Comment on `Origin of combination frequencies in quantum magnetic oscillations of two-dimensional multiband metals' by T. Champel [Phys. Rev. B 65, 153403 (2002); cond-mat/0110154]

TL;DR

This paper defends an analytical theory of combination harmonics in low-dimensional multiband Fermi liquids against criticism, demonstrating its accuracy even at zero temperature and in clean samples through numerical validation.

Contribution

It clarifies the applicability of their analytical theory, showing it remains valid at low temperatures and in clean samples, countering previous criticisms.

Findings

Analytical theory matches numerical results at zero temperature.

Theory remains valid in clean, low-temperature systems.
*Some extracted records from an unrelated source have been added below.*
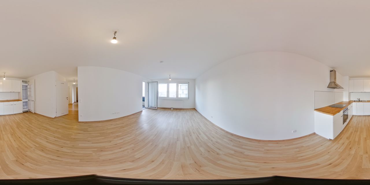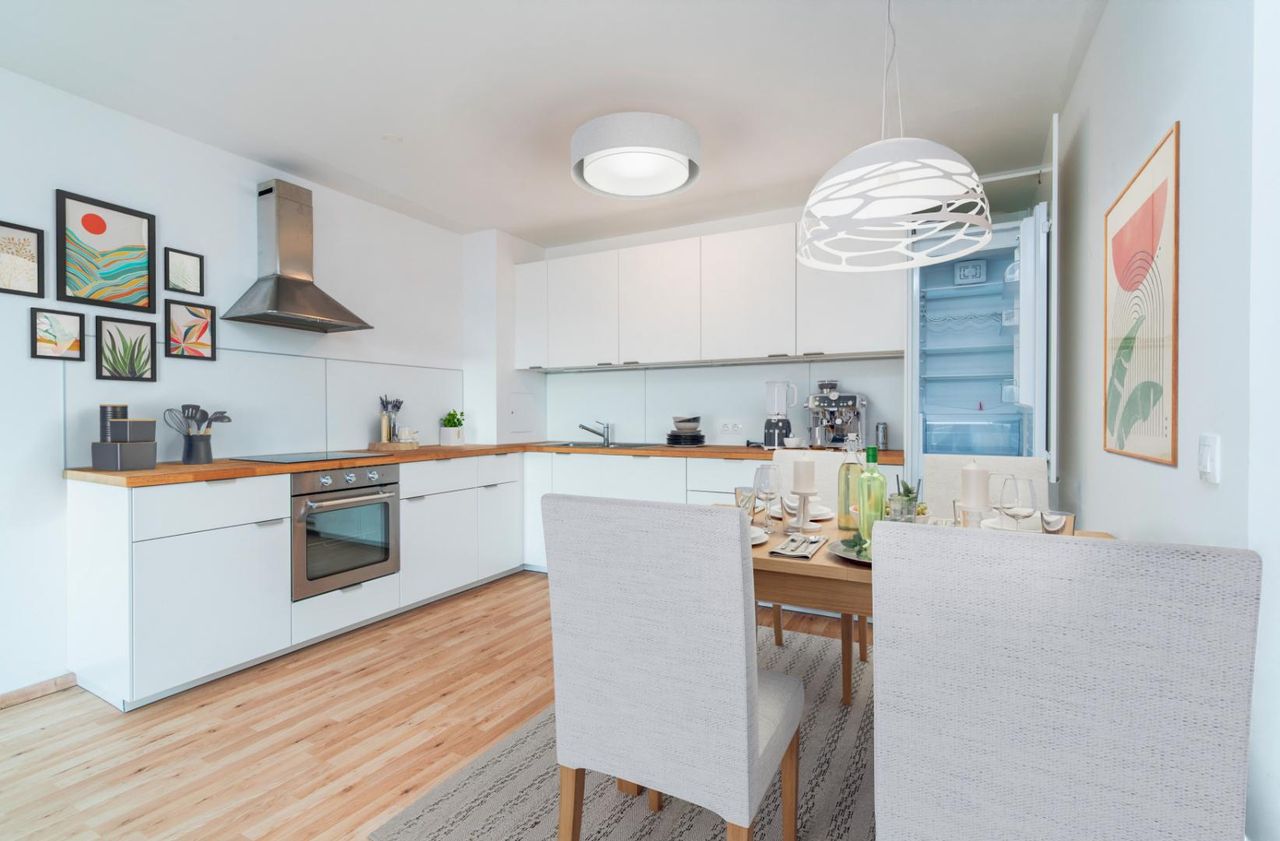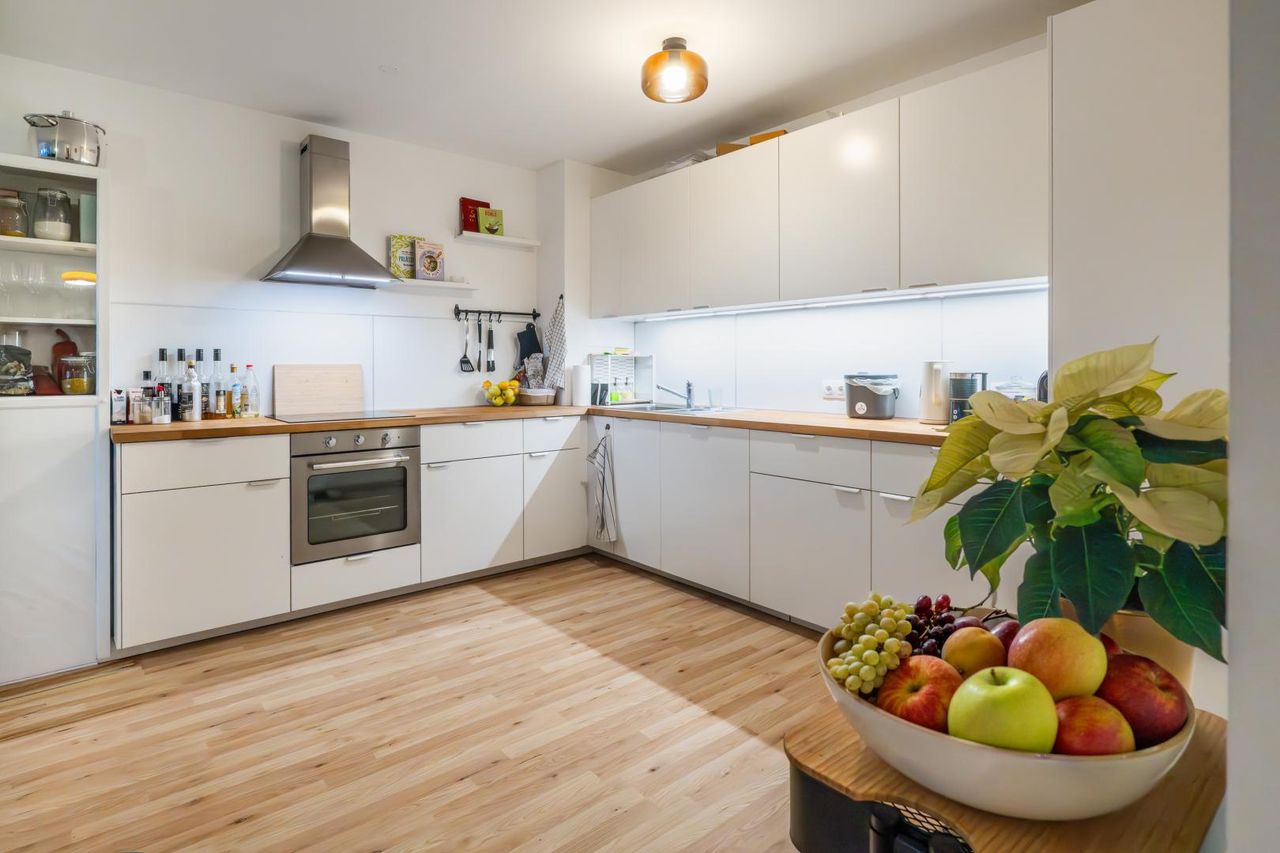 Die über 32 m² große moderne Wohnküche ist der Dreh- und Angelpunkt der Wohnung. Mit einer neuwertigen Eckeinbauküche, Kühl-Gefrierkombination und viel Stauraum können Sie hier nach Herzenslust kochen und genießen. Genug Platz für einen großen Familientisch ist ebenfalls vorhanden.
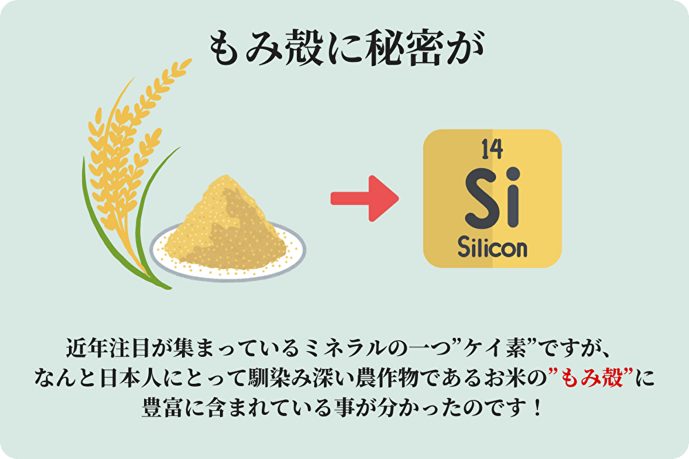 なんと日本人にとって馴染み深い農作物であるお米の"もみ殻"にとても豊富に含まれている事が分かったのです!
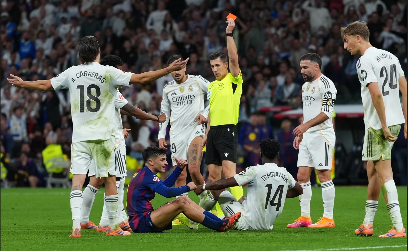 KARTU MERAH. Kapten Barcelona Pedri dikerubuti pemain Real Madrid yang akhirnya mendapat kartu merah di laga el clasico yang berlangsung di Stadion Santiago Bernabeu, Madrid, Senin (27/10/2025) dini hari.
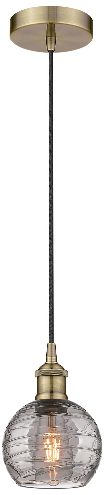 Edison Athens 5.88"W Antique Brass Corded Mini Pendant w/ Smoke Swirl
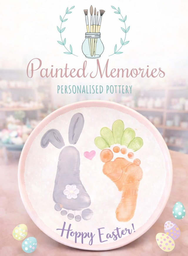 A relaxed, baby‑friendly pottery painting session hosted by Painted Memories. Perfect for parents who want to create a keepsake with their little one—there’s help available for making baby footprints on pottery.
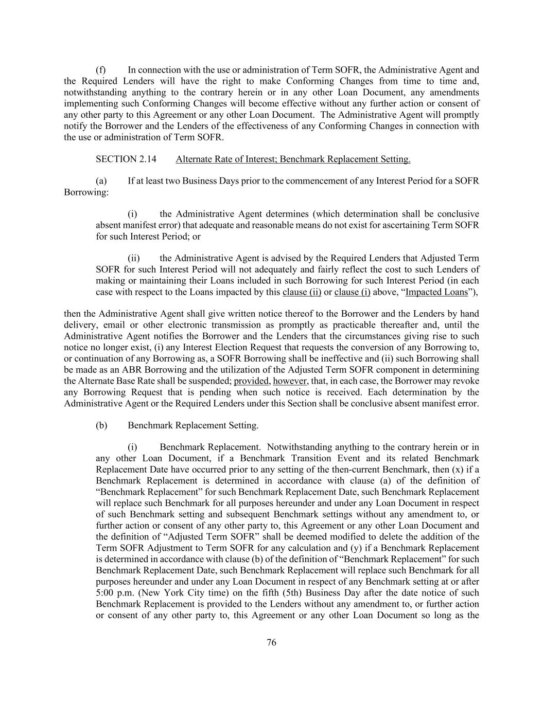 76 (f) In connection with the use or administration of Term SOFR, the Administrative Agent and the Required Lenders will have the right to make Conforming Changes from time to time and, notwithstanding anything to the contrary herein or in any other Loan Document, any amendments implementing such Conforming Changes will become effective without any further action or consent of any other party to this Agreement or any other Loan Document. The Administrative Agent will promptly notify the Borrower and the Lenders of the effectiveness of any Conforming Changes in connection with the use or administration of Term SOFR. SECTION 2.14 Alternate Rate of Interest; Benchmark Replacement Setting. (a) If at least two Business Days prior to the commencement of any Interest Period for a SOFR Borrowing: (i) the Administrative Agent determines (which determination shall be conclusive absent manifest error) that adequate and reasonable means do not exist for ascertaining Term SOFR for such Interest Period; or (ii) the Administrative Agent is advised by the Required Lenders that Adjusted Term SOFR for such Interest Period will not adequately and fairly reflect the cost to such Lenders of making or maintaining their Loans included in such Borrowing for such Interest Period (in each case with respect to the Loans impacted by this clause (ii) or clause (i) above, “Impacted Loans”), then the Administrative Agent shall give written notice thereof to the Borrower and the Lenders by hand delivery, email or other electronic transmission as promptly as practicable thereafter and, until the Administrative Agent notifies the Borrower and the Lenders that the circumstances giving rise to such notice no longer exist, (i) any Interest Election Request that requests the conversion of any Borrowing to, or continuation of any Borrowing as, a SOFR Borrowing shall be ineffective and (ii) such Borrowing shall be made as an ABR Borrowing and the utilization of the Adjusted Term SOFR component in determining the Alternate Base Rate shall be suspended; provided, however, that, in each case, the Borrower may revoke any Borrowing Request that is pending when such notice is received. Each determination by the Administrative Agent or the Required Lenders under this Section shall be conclusive absent manifest error. (b) Benchmark Replacement Setting. (i) Benchmark Replacement. Notwithstanding anything to the contrary herein or in any other Loan Document, if a Benchmark Transition Event and its related Benchmark Replacement Date have occurred prior to any setting of the then-current Benchmark, then (x) if a Benchmark Replacement is determined in accordance with clause (a) of the definition of “Benchmark Replacement” for such Benchmark Replacement Date, such Benchmark Replacement will replace such Benchmark for all purposes hereunder and under any Loan Document in respect of such Benchmark setting and subsequent Benchmark settings without any amendment to, or further action or consent of any other party to, this Agreement or any other Loan Document and the definition of “Adjusted Term SOFR” shall be deemed modified to delete the addition of the Term SOFR Adjustment to Term SOFR for any calculation and (y) if a Benchmark Replacement is determined in accordance with clause (b) of the definition of “Benchmark Replacement” for such Benchmark Replacement Date, such Benchmark Replacement will replace such Benchmark for all purposes hereunder and under any Loan Document in respect of any Benchmark setting at or after 5:00 p.m. (New York City time) on the fifth (5th) Business Day after the date notice of such Benchmark Replacement is provided to the Lenders without any amendment to, or further action or consent of any other party to, this Agreement or any other Loan Document so long as the

Criticism of the theory's applicability is unfounded.

Abstract

We analyze the applicability of our analytical theory of combination harmonics in canonical low-dimensional multi-band Fermi liquids, which was recently criticized by Champel (Phys. Rev. B 65, 153403 (2002)). It is shown that his claim that our analytical theory does not apply at low temperatures and in clean samples, is incorrect. We demonstrate that the analytical theory of combination harmonics is in excellent agreement with the exact numerical results even at zero temperature and for clean systems, which are the most challenging for an analytical description.